FIG. 9 is a schematic cross-sectional view of a multi-way valve according to an embodiment of the present application;

Fig. 10 is a schematic perspective view of a multi-way valve mode two according to an embodiment of the present application;

FIG. 11 is a schematic cross-sectional view of a second multi-way valve according to an embodiment of the present application;

fig. 12 is a schematic perspective view of a multi-way valve mode three according to an embodiment of the present application;

FIG. 13 is a schematic cross-sectional view of a third embodiment of the multi-way valve according to the present application;

fig. 14 is a schematic perspective view of a multi-way valve according to an embodiment of the present application;

FIG. 15 is a schematic cross-sectional view of a fourth embodiment of the multi-way valve according to the present application;

FIG. 16 is a schematic diagram of a thermal management system according to an embodiment of the present application;

fig. 17 is a schematic structural diagram of an electric device according to an embodiment of the present application;

Wherein, each reference numeral in the figure mainly marks:

A valve body 10; a valve seat 11; a bottom wall 111; a sidewall 112; an end cap 12; a flow passage opening 13; a first sub-flow port 131; a second sub-flow port 132; a liquid inlet 14; a liquid outlet 15; a seal backing plate 16; a through-flow port 161;

A valve core 20; a spool housing 21; a bottom plate 22; a spool flow passage 23; a first spool flow passage 231; a second spool flow passage 232; a first seal ring 24; a second seal ring 25; a first blocking portion 26; a third seal ring 27;

a driver 30;

A rotation shaft portion 40;

A thermal management system 50; a first water pump 51; a second water pump 52; a multi-way valve 53;

New energy automobile 60.

Detailed Description

In order to make the technical problems, technical schemes and beneficial effects to be solved more clear, the application is further described in detail below with reference to the accompanying drawings and embodiments. It should be understood that the specific embodiments described herein are for purposes of illustration only and are not intended to limit the scope of the application.

Unless defined otherwise, all technical and scientific terms used herein have the same meaning as commonly understood by one of ordinary skill in the art to which this application belongs; the terminology used herein is for the purpose of describing particular embodiments only and is not intended to be limiting of the application; the terms "comprising" and "having" and any variations thereof in the description of the application and the claims and the description of the drawings above are intended to cover a non-exclusive inclusion.

In the description of embodiments of the present application, the technical terms "first," "second," and the like are used merely to distinguish between different objects and are not to be construed as indicating or implying a relative importance or implicitly indicating the number of technical features indicated, a particular order or a primary or secondary relationship.
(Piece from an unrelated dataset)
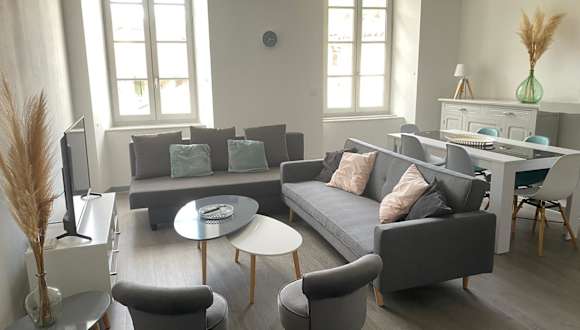 Die Unterkunft 3 pièces spacieux plein centre, parking, clim, terrasse, jardin bietet eine großzügige Ferienwohnung, die mit verschiedenen Annehmlichkeiten ausgestattet ist. Dazu gehören eine Terrasse mit Stadtblick, ein Garten, kostenfreies WLAN und ein kostenloser Privatparkplatz. Die Unterkunft wird von einem privaten Gastgeber geführt und es gelten spezifische Hausregeln.

Thus, a feature defining "a first" or "a second" may explicitly or implicitly include one or more such feature.

Reference herein to "an embodiment" means that a particular feature, structure, or characteristic described in connection with the embodiment may be included in at least one embodiment of the application. The appearances of such phrases in various places in the specification are not necessarily all referring to the same embodiment, nor are separate or alternative embodiments mutually exclusive of other embodiments. Those of skill in the art will explicitly and implicitly appreciate that the embodiments described herein may be combined with other embodiments in any suitable manner.

In the description of the embodiments of the present application, the term "and/or" is merely an association relationship describing an association object, and indicates that three relationships may exist, for example, a and/or B may indicate: a exists alone, A and B exist together, and B exists alone. In addition, the character "/" herein generally indicates that the front and rear associated objects are an "or" relationship.

In the description of the embodiments of the present application, the term "plurality" means two or more (including two), and similarly, "plural sets" means two or more (including two), and "plural sheets" means two or more (including two). The meaning of "a number" is one or more than one unless specifically defined otherwise.

In the description of the embodiments of the present application, the terms "center", "longitudinal", "lateral", "length", "width", "thickness", "upper", "lower", "front", "rear", "left", "right", "vertical", "horizontal", "top", "bottom", "inner", "outer", "clockwise", "counterclockwise", "axial", "radial", "circumferential", etc. refer to the orientation or positional relationship based on the orientation or positional relationship shown in the drawings, and are merely for convenience of describing the embodiments of the present application and for simplifying the description, and do not indicate or imply that the apparatus or elements referred to must have a specific orientation, be configured and operated in a specific orientation, and thus should not be construed as limiting the embodiments of the present application.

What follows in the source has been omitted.